Source data
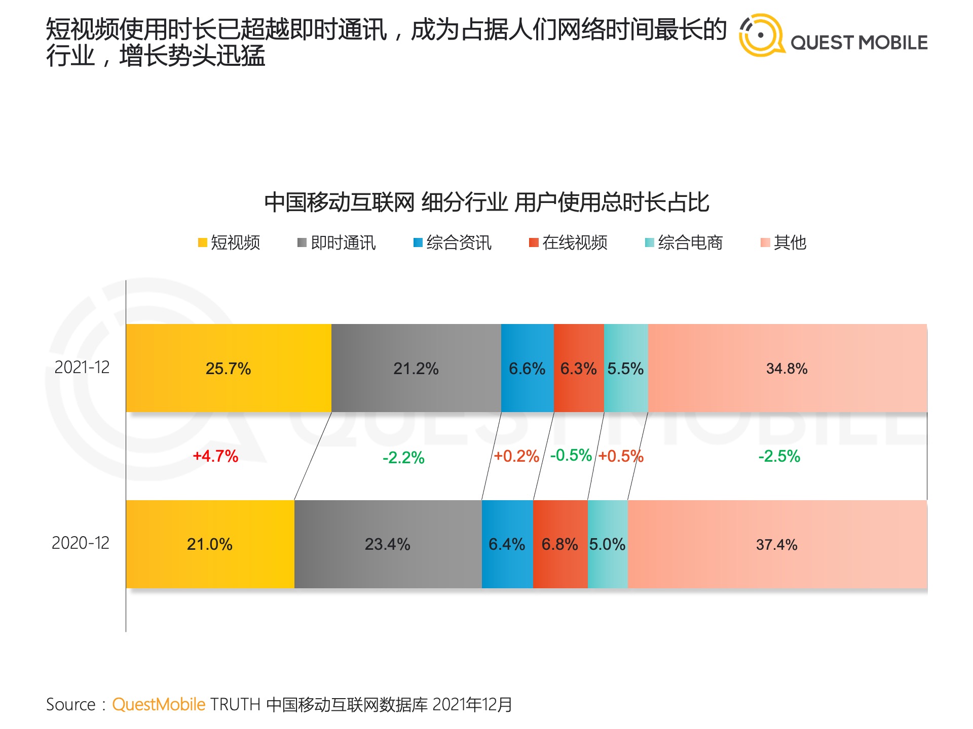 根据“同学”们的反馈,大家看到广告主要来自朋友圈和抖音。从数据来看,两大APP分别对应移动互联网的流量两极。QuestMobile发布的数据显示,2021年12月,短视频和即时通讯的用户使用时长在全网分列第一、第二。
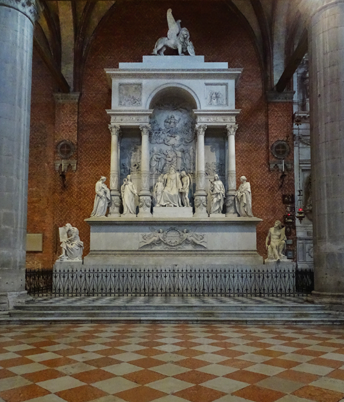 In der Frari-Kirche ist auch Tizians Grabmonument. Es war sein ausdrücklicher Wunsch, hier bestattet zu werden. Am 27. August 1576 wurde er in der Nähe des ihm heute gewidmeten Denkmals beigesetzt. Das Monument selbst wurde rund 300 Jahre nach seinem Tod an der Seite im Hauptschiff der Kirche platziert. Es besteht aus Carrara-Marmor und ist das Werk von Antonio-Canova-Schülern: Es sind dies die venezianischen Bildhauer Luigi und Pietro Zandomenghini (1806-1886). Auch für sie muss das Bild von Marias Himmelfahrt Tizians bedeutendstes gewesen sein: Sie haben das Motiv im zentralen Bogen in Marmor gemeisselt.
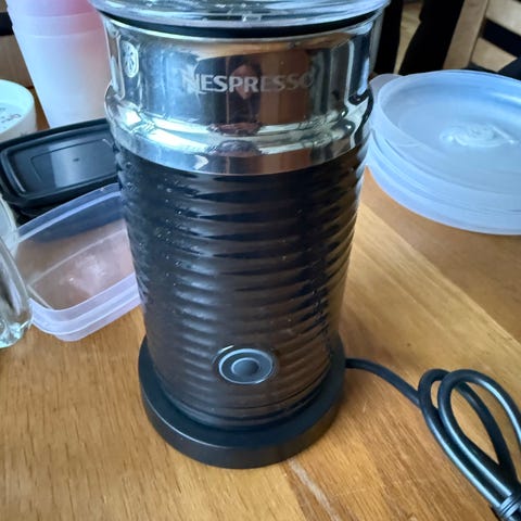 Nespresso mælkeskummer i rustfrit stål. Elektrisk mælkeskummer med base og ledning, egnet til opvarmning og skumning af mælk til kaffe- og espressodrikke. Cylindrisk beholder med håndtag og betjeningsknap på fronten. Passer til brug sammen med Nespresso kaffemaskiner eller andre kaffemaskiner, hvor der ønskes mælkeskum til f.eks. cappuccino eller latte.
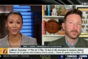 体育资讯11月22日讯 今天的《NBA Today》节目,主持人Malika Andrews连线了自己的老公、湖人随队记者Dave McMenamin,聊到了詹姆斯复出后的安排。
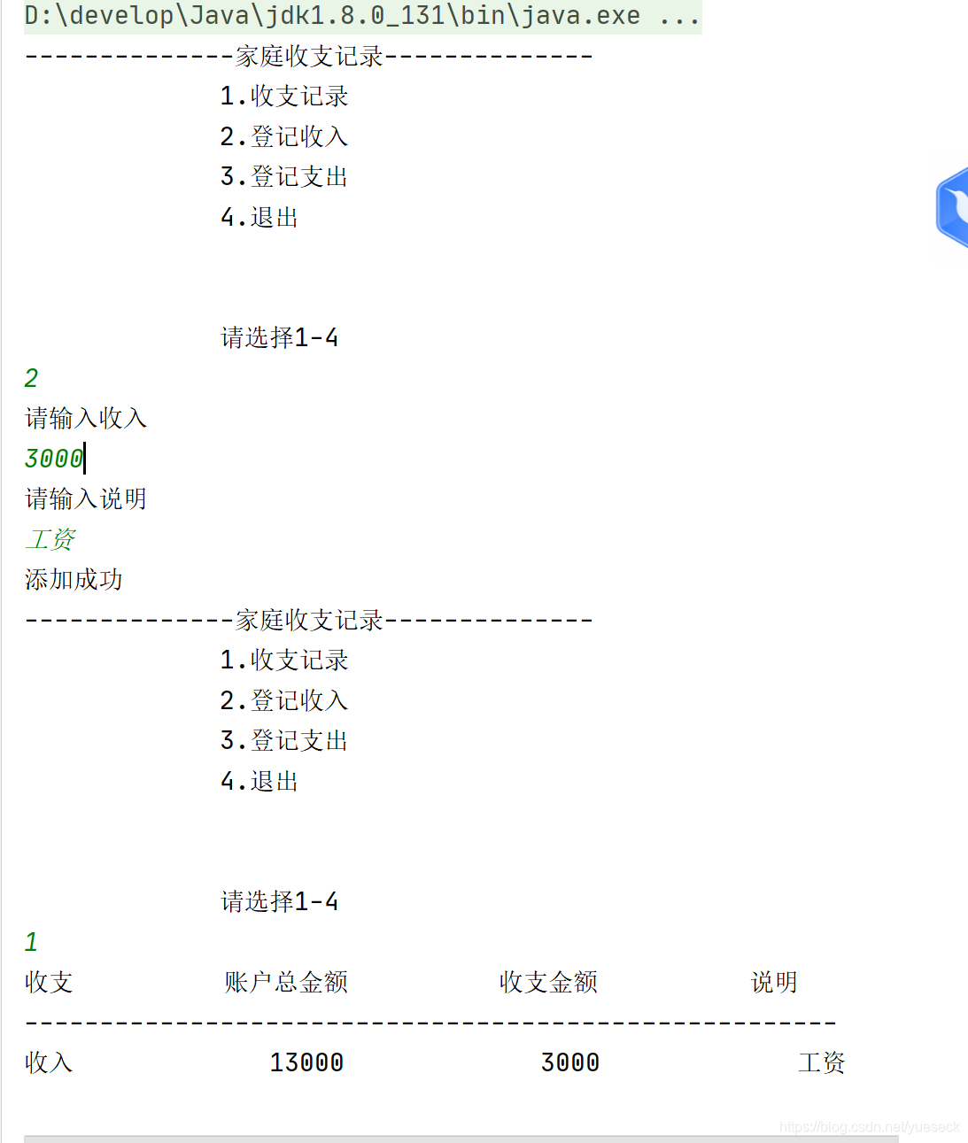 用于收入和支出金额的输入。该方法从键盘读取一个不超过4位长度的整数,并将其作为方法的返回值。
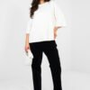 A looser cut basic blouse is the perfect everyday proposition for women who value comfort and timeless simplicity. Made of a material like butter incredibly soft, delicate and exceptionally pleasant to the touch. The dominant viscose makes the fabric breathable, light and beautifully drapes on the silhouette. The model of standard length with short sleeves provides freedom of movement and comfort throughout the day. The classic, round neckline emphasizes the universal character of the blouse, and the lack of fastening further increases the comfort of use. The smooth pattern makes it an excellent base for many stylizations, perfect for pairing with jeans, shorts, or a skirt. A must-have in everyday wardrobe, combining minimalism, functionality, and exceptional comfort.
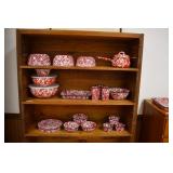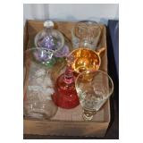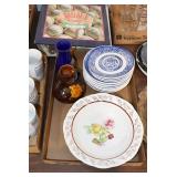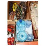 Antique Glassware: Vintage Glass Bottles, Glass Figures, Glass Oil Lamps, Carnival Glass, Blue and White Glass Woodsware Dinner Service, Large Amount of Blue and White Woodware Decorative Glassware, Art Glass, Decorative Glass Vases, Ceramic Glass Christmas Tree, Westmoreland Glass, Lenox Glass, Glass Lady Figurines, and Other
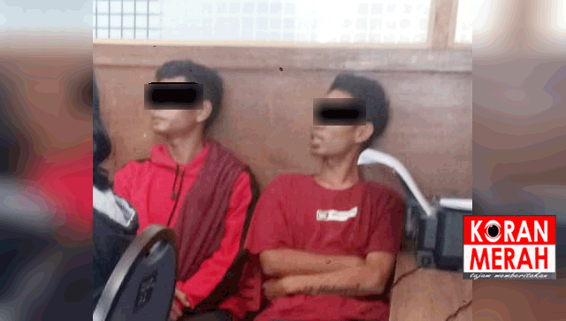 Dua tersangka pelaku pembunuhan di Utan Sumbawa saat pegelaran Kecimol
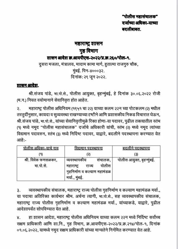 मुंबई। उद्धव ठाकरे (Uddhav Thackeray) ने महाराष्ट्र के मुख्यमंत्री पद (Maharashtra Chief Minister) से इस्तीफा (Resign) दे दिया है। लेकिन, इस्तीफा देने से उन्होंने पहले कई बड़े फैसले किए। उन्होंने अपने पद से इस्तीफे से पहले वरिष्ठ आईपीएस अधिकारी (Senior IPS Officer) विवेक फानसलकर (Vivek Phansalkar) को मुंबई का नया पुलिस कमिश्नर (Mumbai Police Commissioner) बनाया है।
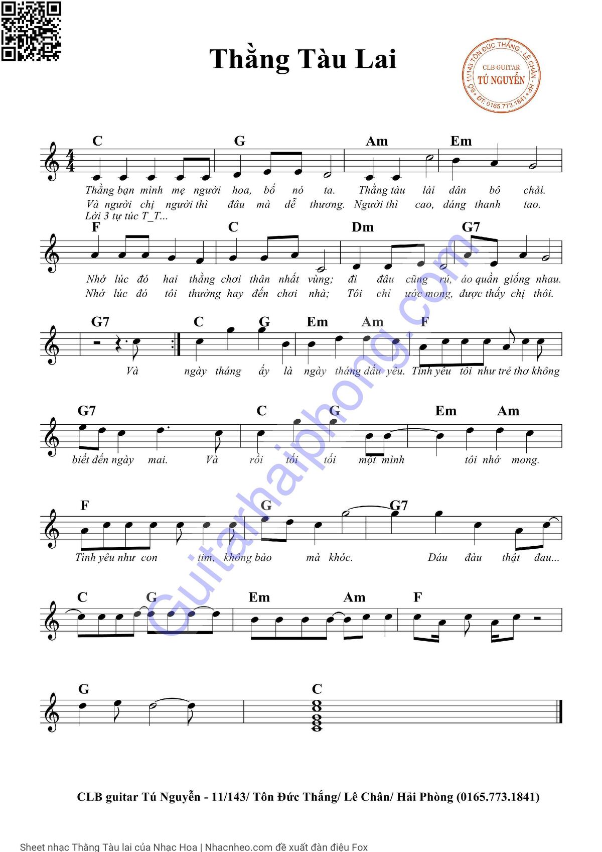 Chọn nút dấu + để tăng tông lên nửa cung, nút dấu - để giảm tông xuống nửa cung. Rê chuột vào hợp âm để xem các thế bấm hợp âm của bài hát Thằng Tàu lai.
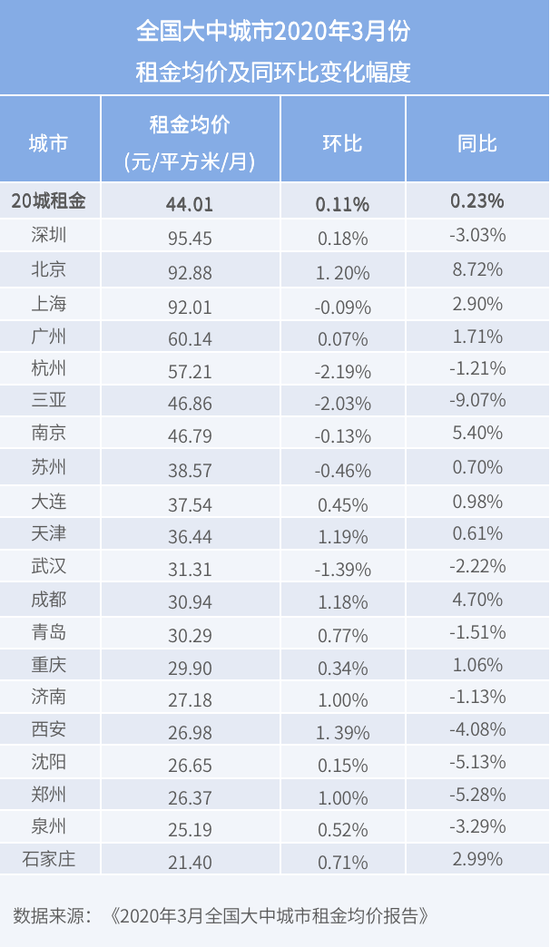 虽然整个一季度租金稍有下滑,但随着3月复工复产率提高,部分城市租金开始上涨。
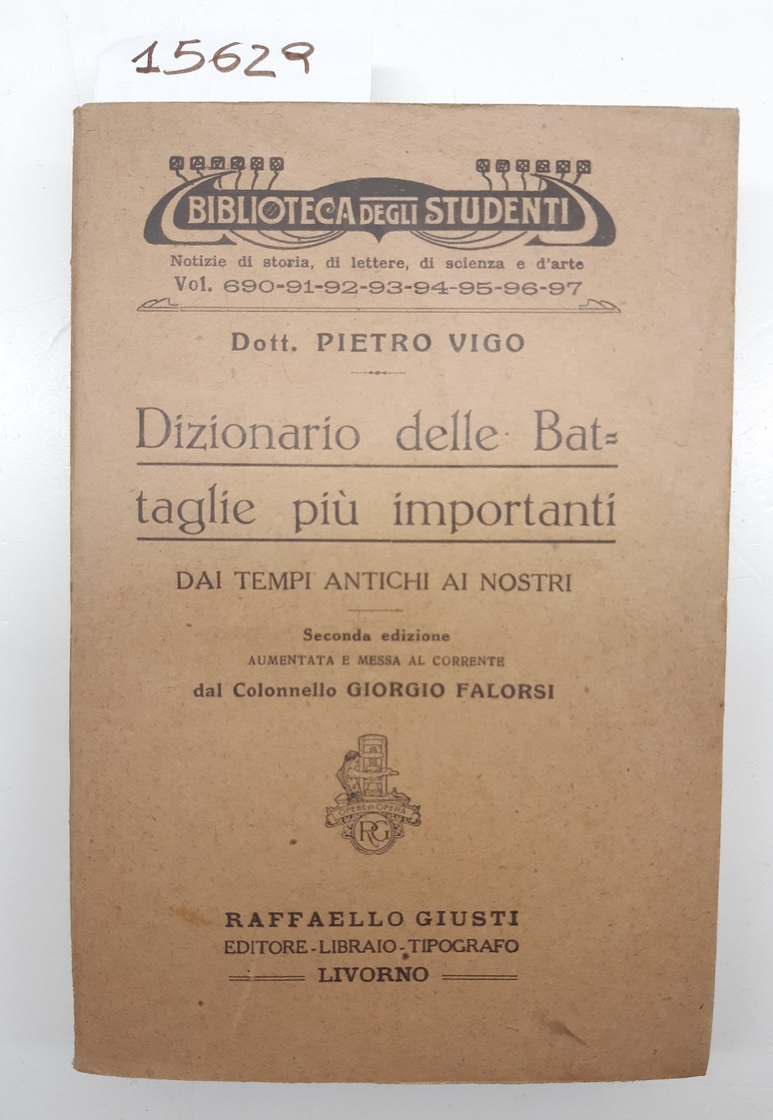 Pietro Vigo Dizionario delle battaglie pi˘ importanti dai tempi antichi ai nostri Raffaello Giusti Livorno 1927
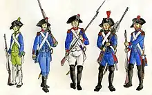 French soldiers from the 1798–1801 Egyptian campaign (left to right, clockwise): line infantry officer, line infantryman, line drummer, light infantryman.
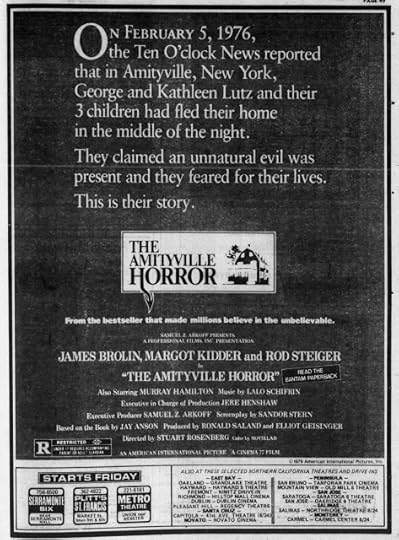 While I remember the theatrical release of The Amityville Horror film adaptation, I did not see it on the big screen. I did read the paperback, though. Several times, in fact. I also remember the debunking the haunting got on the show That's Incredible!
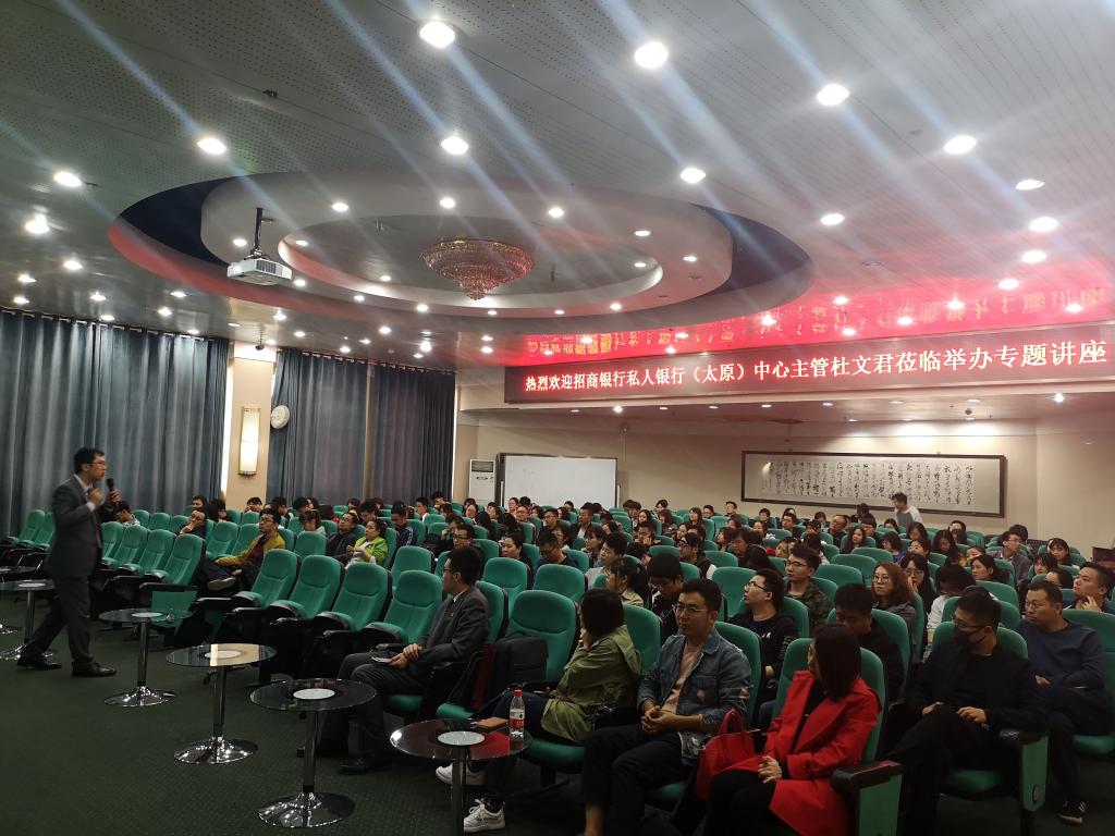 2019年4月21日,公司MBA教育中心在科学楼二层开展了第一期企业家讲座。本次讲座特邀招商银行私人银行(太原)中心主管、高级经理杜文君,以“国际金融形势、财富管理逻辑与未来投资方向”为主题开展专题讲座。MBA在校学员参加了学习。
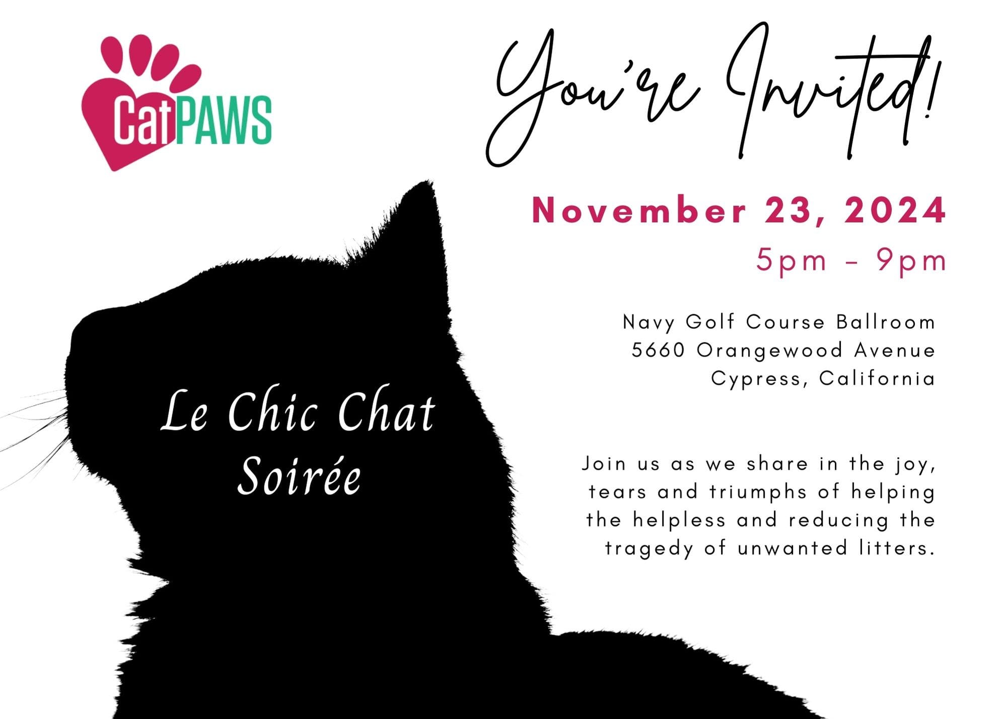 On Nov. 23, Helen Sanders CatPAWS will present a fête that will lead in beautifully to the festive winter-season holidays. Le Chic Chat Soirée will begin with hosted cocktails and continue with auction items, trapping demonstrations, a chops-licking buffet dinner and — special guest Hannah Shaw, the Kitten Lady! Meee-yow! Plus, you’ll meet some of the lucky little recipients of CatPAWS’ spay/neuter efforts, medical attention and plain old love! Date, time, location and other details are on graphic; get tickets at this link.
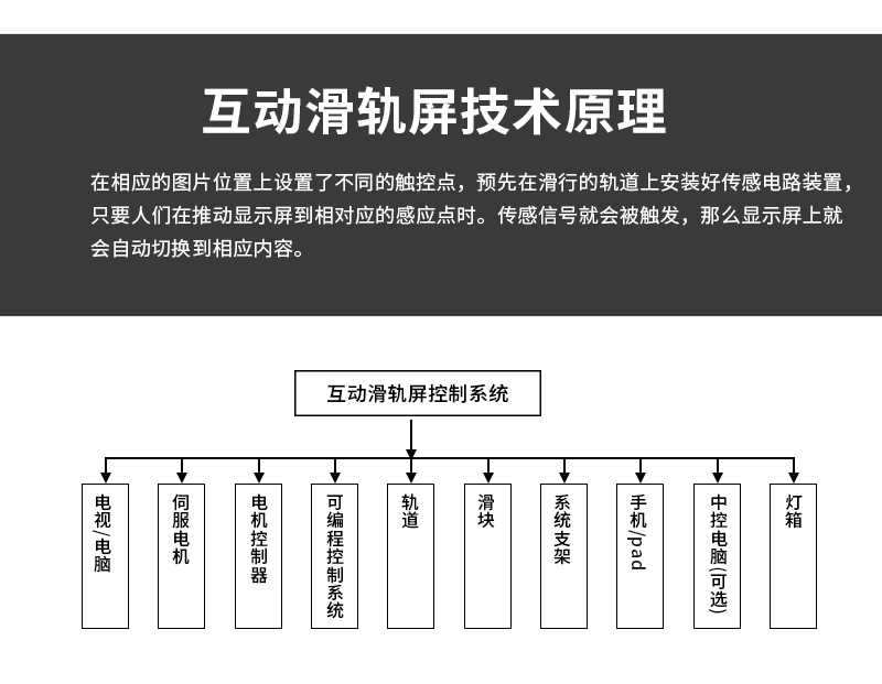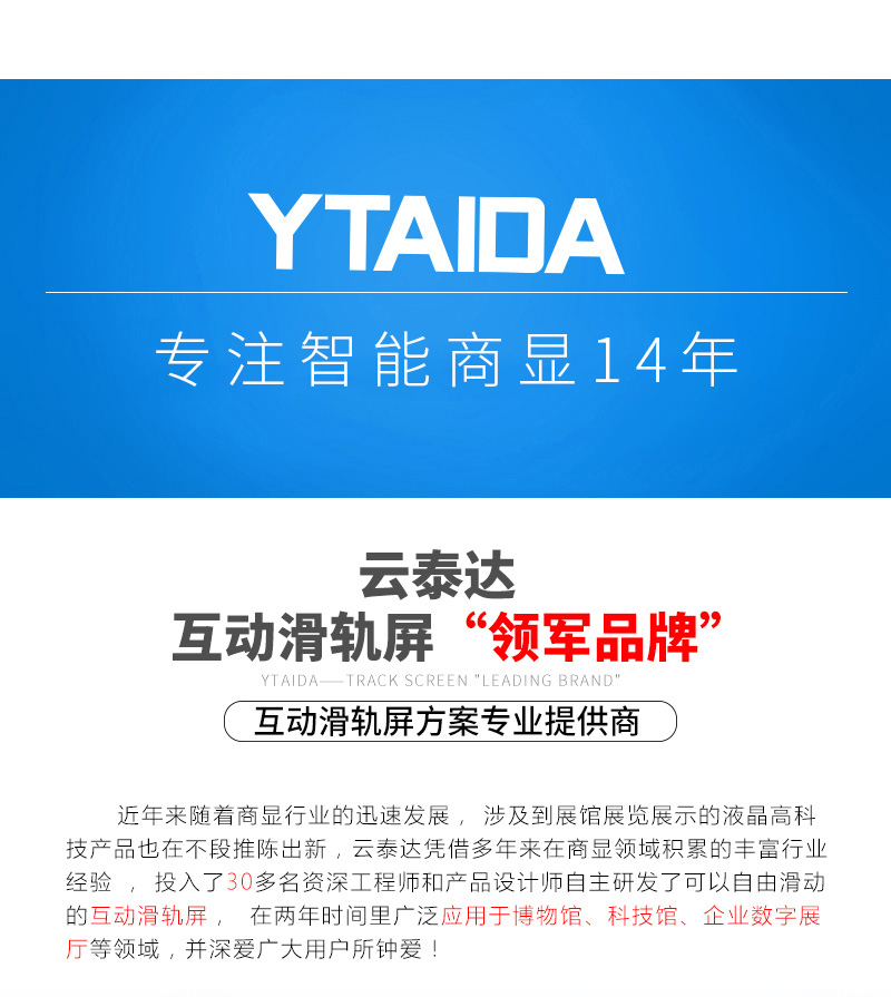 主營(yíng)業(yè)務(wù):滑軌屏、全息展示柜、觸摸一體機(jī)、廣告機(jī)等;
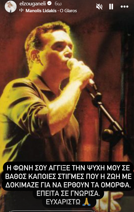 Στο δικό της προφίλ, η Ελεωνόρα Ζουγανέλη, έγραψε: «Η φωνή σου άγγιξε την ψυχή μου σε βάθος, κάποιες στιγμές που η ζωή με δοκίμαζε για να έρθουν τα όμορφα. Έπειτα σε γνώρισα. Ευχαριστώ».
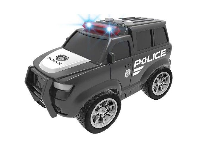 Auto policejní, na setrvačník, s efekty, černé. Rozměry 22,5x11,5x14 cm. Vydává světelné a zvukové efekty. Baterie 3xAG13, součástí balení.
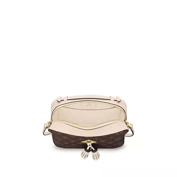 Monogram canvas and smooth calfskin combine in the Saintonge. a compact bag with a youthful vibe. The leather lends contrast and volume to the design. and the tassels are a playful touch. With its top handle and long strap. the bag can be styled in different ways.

## Task brief
Please reproduce exactly and only the lines from the first line of the records through the line containing "用于收入和支出金额的输入。该", both included, omitting any pictures.

## Response
 根据“同学”们的反馈,大家看到广告主要来自朋友圈和抖音。从数据来看,两大APP分别对应移动互联网的流量两极。QuestMobile发布的数据显示,2021年12月,短视频和即时通讯的用户使用时长在全网分列第一、第二。
 In der Frari-Kirche ist auch Tizians Grabmonument. Es war sein ausdrücklicher Wunsch, hier bestattet zu werden. Am 27. August 1576 wurde er in der Nähe des ihm heute gewidmeten Denkmals beigesetzt. Das Monument selbst wurde rund 300 Jahre nach seinem Tod an der Seite im Hauptschiff der Kirche platziert. Es besteht aus Carrara-Marmor und ist das Werk von Antonio-Canova-Schülern: Es sind dies die venezianischen Bildhauer Luigi und Pietro Zandomenghini (1806-1886). Auch für sie muss das Bild von Marias Himmelfahrt Tizians bedeutendstes gewesen sein: Sie haben das Motiv im zentralen Bogen in Marmor gemeisselt.
 Nespresso mælkeskummer i rustfrit stål. Elektrisk mælkeskummer med base og ledning, egnet til opvarmning og skumning af mælk til kaffe- og espressodrikke. Cylindrisk beholder med håndtag og betjeningsknap på fronten. Passer til brug sammen med Nespresso kaffemaskiner eller andre kaffemaskiner, hvor der ønskes mælkeskum til f.eks. cappuccino eller latte.
 体育资讯11月22日讯 今天的《NBA Today》节目,主持人Malika Andrews连线了自己的老公、湖人随队记者Dave McMenamin,聊到了詹姆斯复出后的安排。
 用于收入和支出金额的输入。该方法从键盘读取一个不超过4位长度的整数,并将其作为方法的返回值。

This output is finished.